I am using iso 19794-2 fingerprint data format. All the data are in the iso 19794-2 format. I have more than hundred thousand fingerprints. I wish to make efficient search to identify the match. Is it possible to construct a binary tree like structure to perform an efficient(fastest) search for match? or suggest me a better way to find the match. and also suggest me an open source api for java to do fingerprint matching. Help me. Thanks.
Do you have a background in fingerprint matching? It is not a simple problem and you'll need a bit of theory to tackle such a problem. Have a look at this introduction to fingerprint matching by Bologna University's BioLab (a leading research lab in this field).
Let's now answer to your question, that is how to make the search more efficient.
Fingerprints can be classified into 5 main classes, according to the type of macro-singularity that they exhibit.
There are three types of macro-singularities:
whorl (a sort of circle)
loop (a U inversion)
delta (a sort of three-way crossing)
According to the position of those macro-singularities, you can classify the fingerprint in those classes:
arch
tented arch
right loop
left loop
whorl
Once you have narrowed the search to the correct class, you can perform your matches. From your question it looks like you have to do an identification task, so I'm afraid that you'll have to do all the comparisons, or else add some layers of pre-processing (like the classification I wrote about) to further narrow the search field.
You can find lots of information about fingerprint matching in the book Handbook of Fingerprint Recognition, by Maltoni, Maio, Jain and Prabhakar - leading researchers in this field.
In order to read ISO 19794-2 format, you could use some utilities developed by NIST called BiomDI, Software Tools supporting Standard Biometric Data Interchange Formats.
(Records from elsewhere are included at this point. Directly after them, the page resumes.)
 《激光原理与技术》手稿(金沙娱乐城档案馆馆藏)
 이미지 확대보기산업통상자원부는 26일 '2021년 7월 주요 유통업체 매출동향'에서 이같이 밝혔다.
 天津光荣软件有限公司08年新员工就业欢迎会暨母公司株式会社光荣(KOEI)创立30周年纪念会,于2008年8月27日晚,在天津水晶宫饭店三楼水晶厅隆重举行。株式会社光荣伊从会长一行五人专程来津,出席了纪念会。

You could try to interface it with open source matching algorithms like the one found in this biometrics SDK. It would however need a lot of work, including the conversion from one format to another and the fine-tuning of algorithms.
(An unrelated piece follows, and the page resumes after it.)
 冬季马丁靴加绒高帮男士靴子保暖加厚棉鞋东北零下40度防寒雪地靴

My opinion (as a Ph.D. student working in biometrics) is that in this field you can easily write code that does the 60% of what you need in no time, but the remaining 40% will be:
hard to write (20%); and
really hard to write without money and time (20%).
Hope that helps!
Edit: added info about NIST BiomDI
Edit 2: since people sometimes email me asking for a copy of the standard, I unfortunately don't have one to share. All I have is a link to the ISO page that sells the standard.
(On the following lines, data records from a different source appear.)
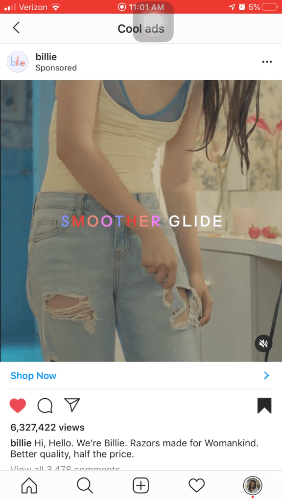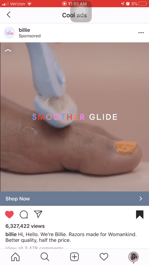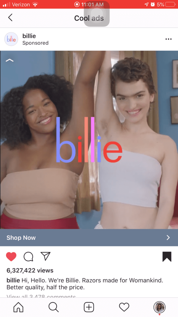 One of the ads that caught my attention was for Billie Razors. Billie is a fairly new and trendy beauty brand. Similar to other new beauty brands it offers products with a sleek, aesthetic design and promotes the company’s simplicity.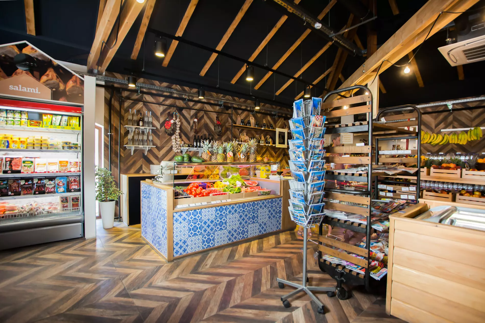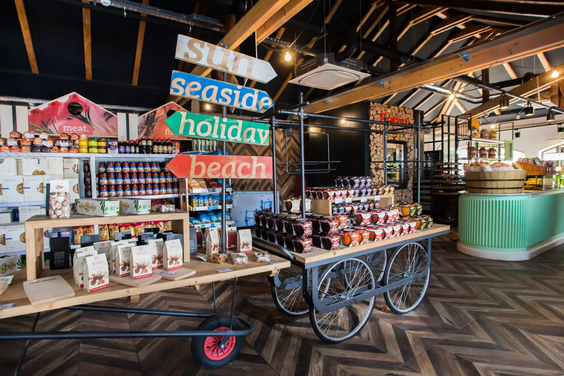 supermarché avec fruits et légumes, une boulangerie et une boutique de souvenirs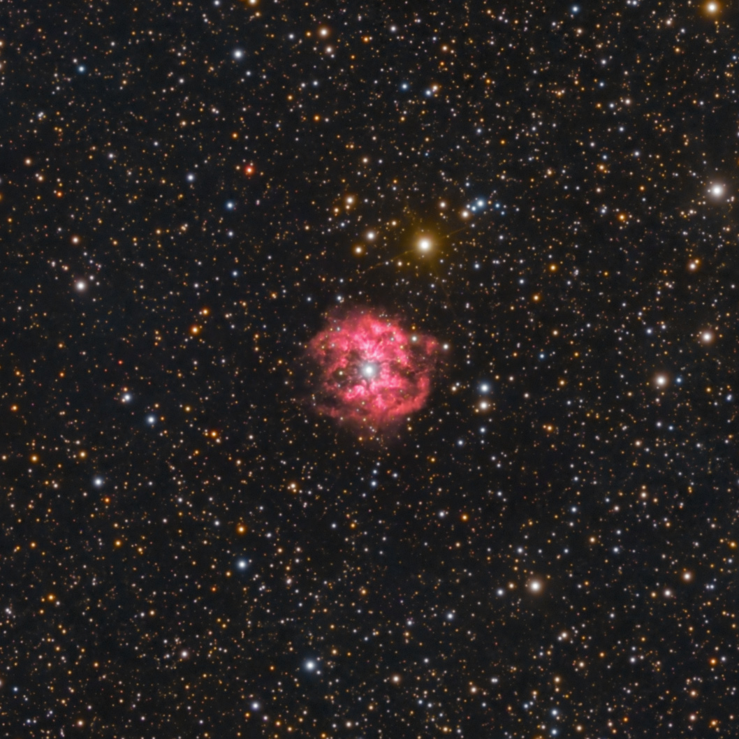 Click on the image to toggle between a color version and a pure Ha version. Normally, pure Ha does not make an interesting version of a tiny nebula, but I think it does

The iso format specifies useful mechanisms for matching and decision parameters. Decide on what mechanism you wish to employ to identify the match, and the relevant decision parameters. When you have determined these mechanisms and decision parameters, examine them to see which are capable of being put into an order - with a fairly high degree of individual values, as you want to avoid multiple collisions on the data. When you have identified a small number of data items (preferably one) that have this property, calculate the property for each fingerprint - preferably as they are added to the database, though a bulk load can be done initially. Then the search for a match is done on the calculated characteristic, and can be done by a binary tree, a black-red tree, or a variety of other search processes. I cannot recommend a particular search strategy without knowing what form and degree of differentiation of values you have in your database. Such a search strategy should, however, be capable of delivering a (small) range of possible matches - which can then be tested individually against your match mechanism and parameters, before deciding on a specific match.